The figure above shows the runtime performance of SAC code implicitly compiled for multithreaded execution. Relative to sequential execution, speedups of up to 4.8 and up to 7.6 are achieved for size classes W and A, respectively. In fact, size class A is the smallest one intended for benchmarking, whereas size class W is specifically designed for program development on uniprocessor PCs and workstations.

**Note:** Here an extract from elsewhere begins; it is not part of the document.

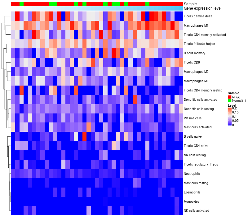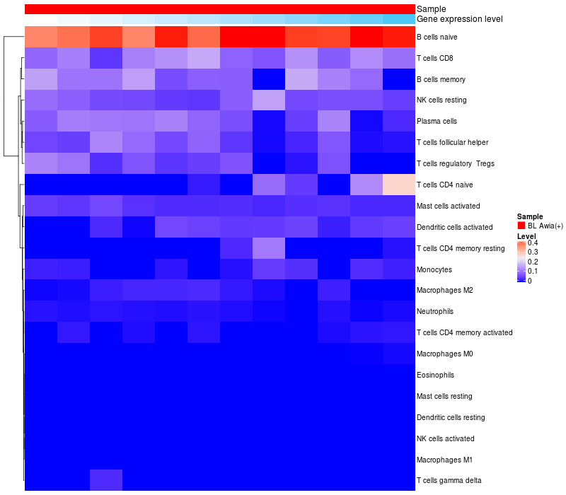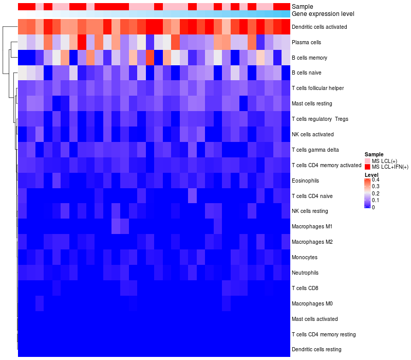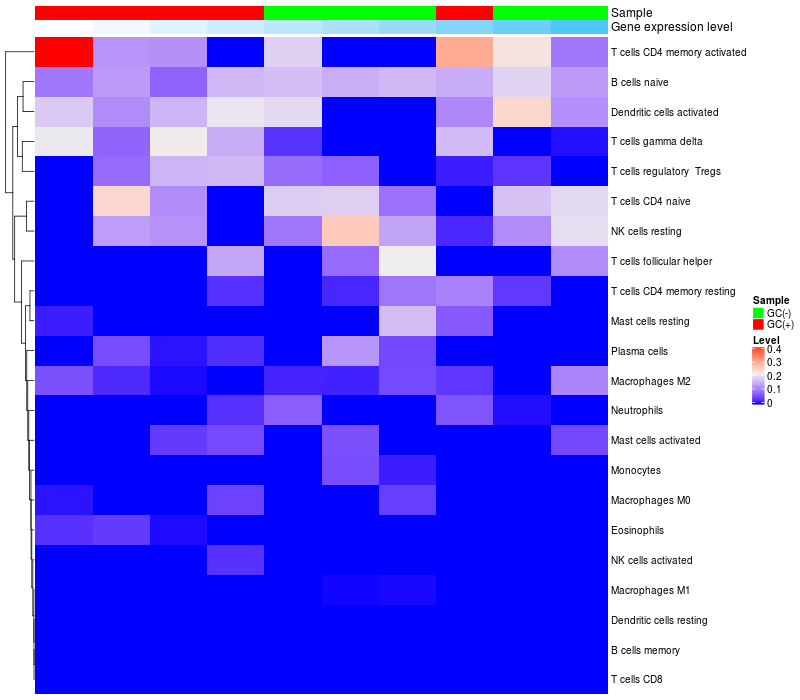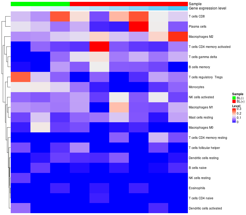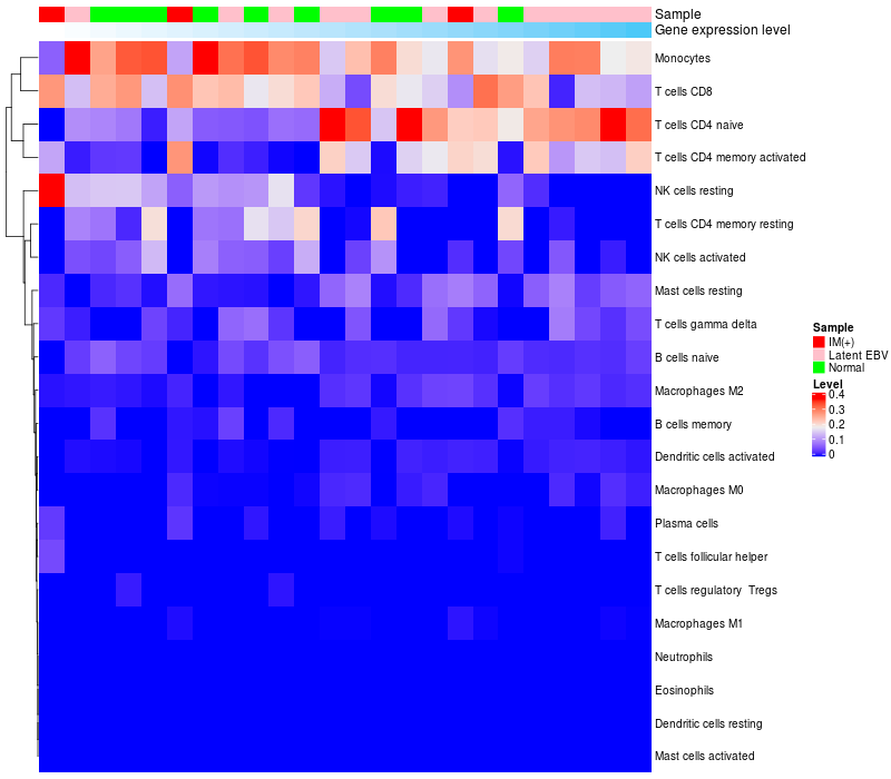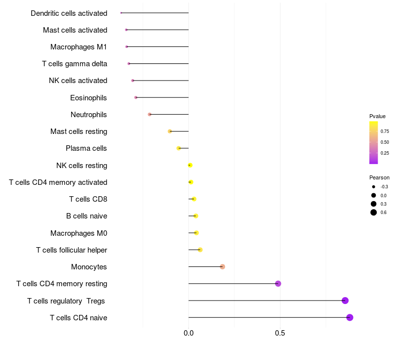 Lollipop of FHIT expression and immune infiltrating cell level correlation result in EBV+ samples

The main scalability limitation arises from the repeated reduction of the grid size during the V-cycle. Whereas multithreaded execution pays for relatively large grids on the top end of the V-cycle, runtime overhead increasingly reduces its benefit for smaller grids on the bottom. Below a threshold grid size, all operations are actually performed sequentially to avoid excessive overhead. This sequential kernel of the NAS-MG benchmark limits its scalability, but its actual impact on performance decreases with growing initial grid size. Therefore, considerably higher speedups are achieved for size class A than for size class W.
Although, this problem is algorithm-inherent rather than implementation-specific, its impact on runtime performance is actually increased by dynamic memory management, as employed by SAC. Since the absolute overhead incurred by it is invariant against grid sizes involved, it is negligible for large grids but shows a growing performance impact with decreasing grid size. As a consequence, the sequential kernel of NAS-MG, where operations are performed on very small grids, is considerably more expensive with dynamic memory management in SAC than it is with a static memory layout in a low-level FORTRAN-77 implementation.
To investigate the effect of the SAC-specific memory manager, on the runtime performance of this benchmark, the experiment is repeated with private heap management disabled. Its outcome is shown above. Whereas single processor performance is hardly affected by the choice of the memory allocator, it has a significant impact on scalability. Maximal speedups relative to sequential execution drop from 4.82 to 3.55 for class W and from 7.63 to only 4.63 for class A.
However, the performance degradation may not be attributed to scalability limitations in the design of the SOLARIS standard allocator. In fact, all memory allocations and de-allocations in compiled code are performed in single-threaded execution mode. It is merely their general performance, which increases the time spent in sequential operations on small grids at the bottom of the V-cycle.